A completed solder joint is shown in Figure 5, in which the structure of Figure 4 is connected via a raised solder pad 48 to a similar structure comprising a substrate 50, gold metallization layers 52, a barrier metal layer 54, and a solder pad 56.

Another criterion for the dimensions of the barrier metallization area is related to the alignment step of the flip-chip interconnection process. The barrier metallization must have a sufficiently large area to prevent the raised pad of solder from moving out of a component in contact with the gold track is on the other component. This range is therefore determined by the accuracy of the formation and the alignment accessories used.

In order to form an effective barrier layer, the material must not interact with solder, must be able to be produced in layers that are free of defects and must act as a good diffusion barrier layer against solder. The barrier layer must also not be wettable by solder so that it can bead up.

Chromium has been found to be an effective barrier layer. It can be evaporated or sprayed, with the spraying method being preferred as it gives a better low voltage coating, good coverage of topographical steps and good adhesion. Titanium can be a suitable alternative metallization layer to chromium.
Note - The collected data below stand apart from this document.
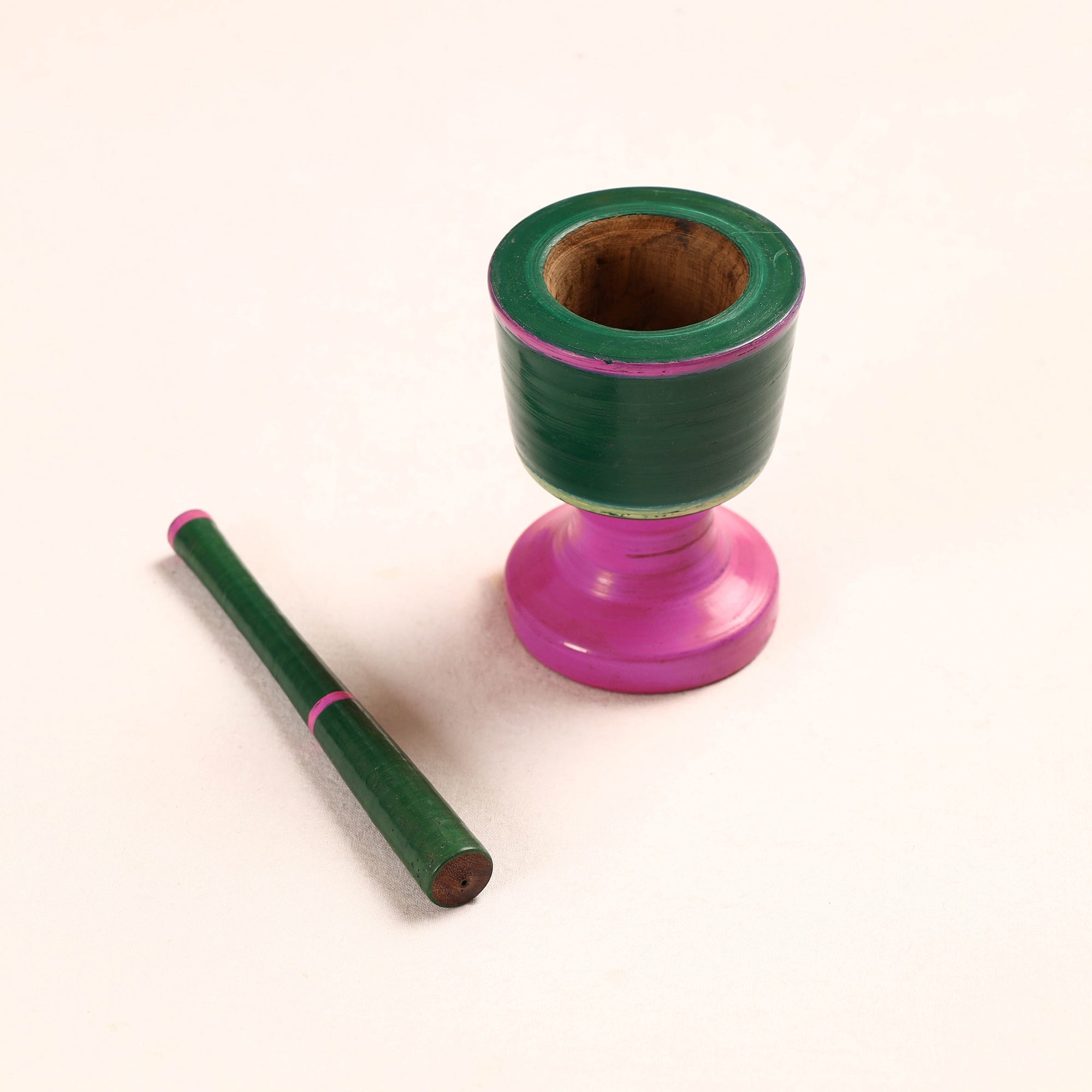This handcrafted wooden mortar and pestle set is made of babool wood with lacquered colors. This set is meticulously handcrafted by skilled artisans from the Vadha community in villages like Nirona and Jura. They begin by selecting babool wood, which is known for its durability and strength. Layers of colored lacquer are applied to the wood, and intricate designs and effects are chiseled to create a stunning visual appeal.
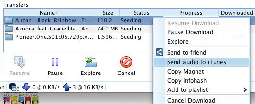 * Share audio files (on social networks) or create torrents of these files right out of the playlist.
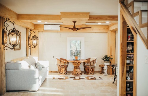 Set in the piney woods of East Texas, but still within a few miles of the freeway, you will feel both far outside the city while also still being conveniently close to town, or within just a few minutes of I-30 if you are passing through. You can enjoy the feeling of being "off-grid" while still having access to all the modern essentials.
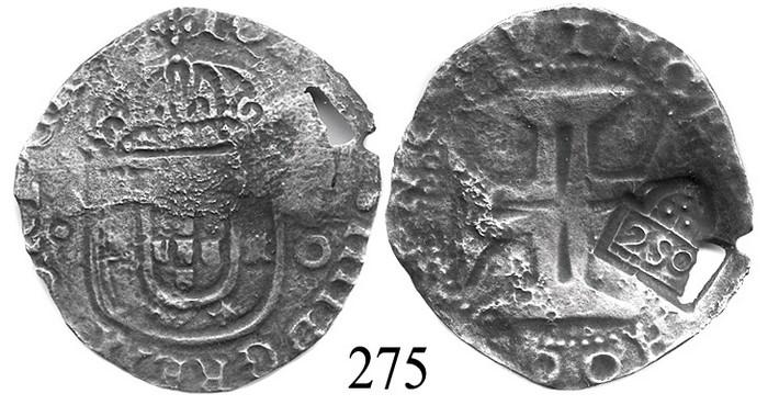 Lisbon, Portugal, 200 reis, John IV, with Brazilian 250-reis ("2S0") countermark (1663). 5.5 grams. Very bold, full and deep countermark that caused a void near the edge, also good shield despite some corrosion, bold legends with king's ordinal IIII, nicely toned. Recovered from: Sacramento, sunk in 1668 off the Bay of All Saints, Bahia, Brazil.
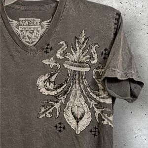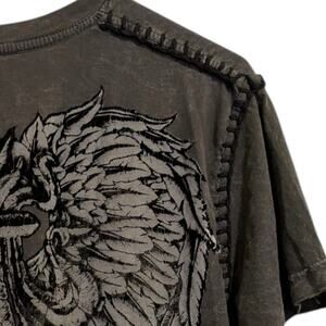 Vintage Affliction RAW STATE Fleur de Lis Wings Gray Shirt Black Stitch Detail M
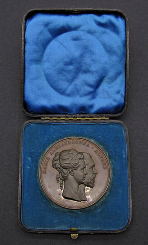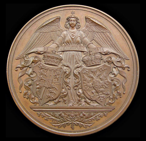 Obverse showing conjoined busts of Alfred, Duke of Edinburgh and Marie Alexandrowna of Russia. Reverse showing angel standing upon the crowned shields of the couple.
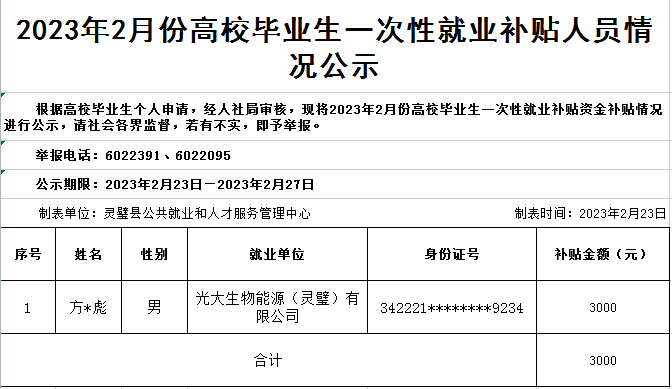 灵璧县2023年2月高校毕业生一次性就业补贴人员情况公示
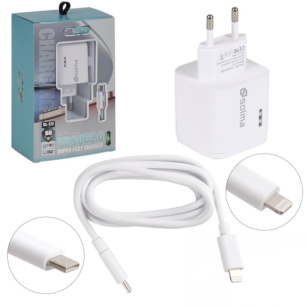 Мережевий зарядний пристрій SOLMA PD&QC3.0 USB A+C з кабелем Type-C to Lightning 1.0м
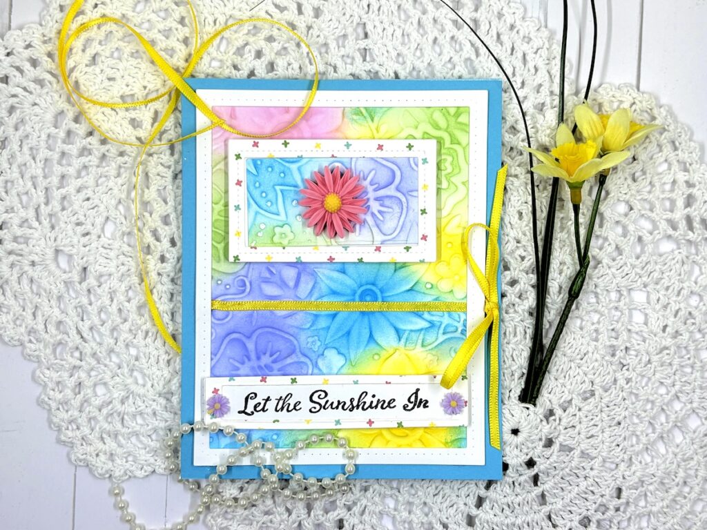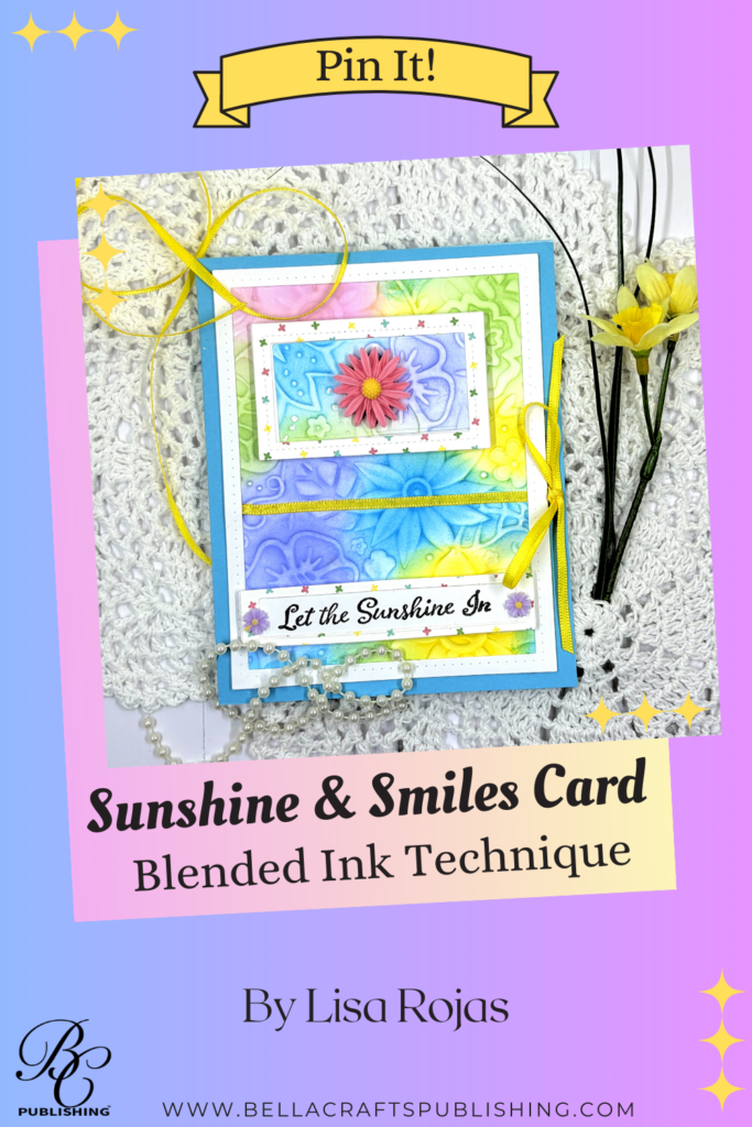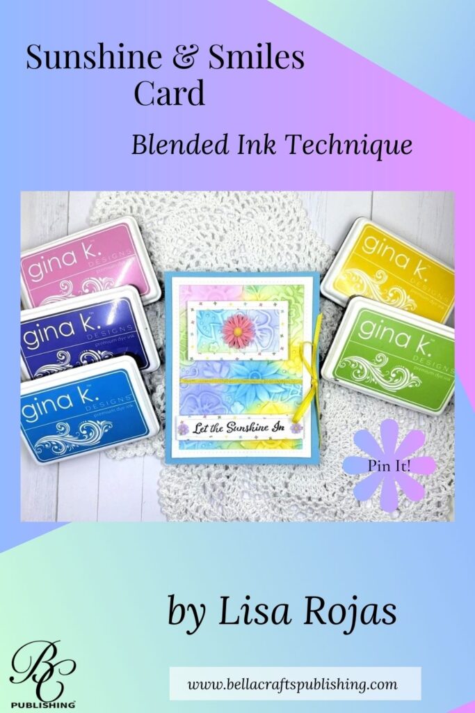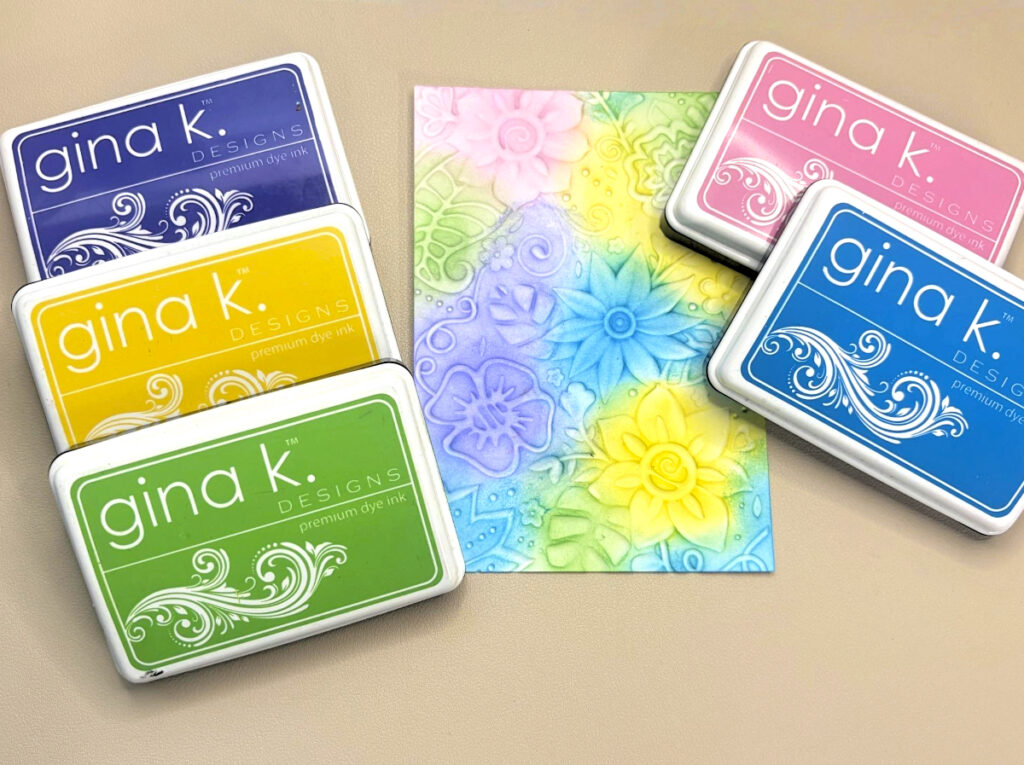 If you’re looking for a quick card to create, this one’s for you! The blended ink technique together with an embossing folder and these beautiful inkpads for Gina K. Designs, is sure to bring sunshine and a smile to someone you love.

The use of barrier metal technology has meant that it has been possible to exploit flip-chip solder connections for MMIC devices using Au as the trace material. Working devices have been made by bonding a GaAs IC containing active elements to hybrid circuits on alumina and other ceramic microwave substrates carrying interconnects and frequency selection elements by the flip-chip bonding technique.

Claims (2)

1. A method of making a flip chip solder connection device, comprising the steps of providing a III-V semiconductor substrate (40) forming on the substrate a metallization layer (42) of a metal selected from the group consisting of gold, silver and copper, forming on the metallization layer a barrier layer (44) of a solder wettable metal selected from the group consisting of chromium, titanium, tungsten and titanium tungsten, forming wettable solder pads (46) on the barrier layer (44), and then forming on each of these wettable solder pads (46) a raised pad of solder (48) having larger lateral dimensions than the respective wettable solder pads (46). 2. The method of claim 1, wherein a separate barrier metallization region of the non-solder wettable metal is provided for each wettable solder pad of an array of wettable solder pads formed on the substrate, each barrier metallization region being dimensioned to receive the wettable solder pad.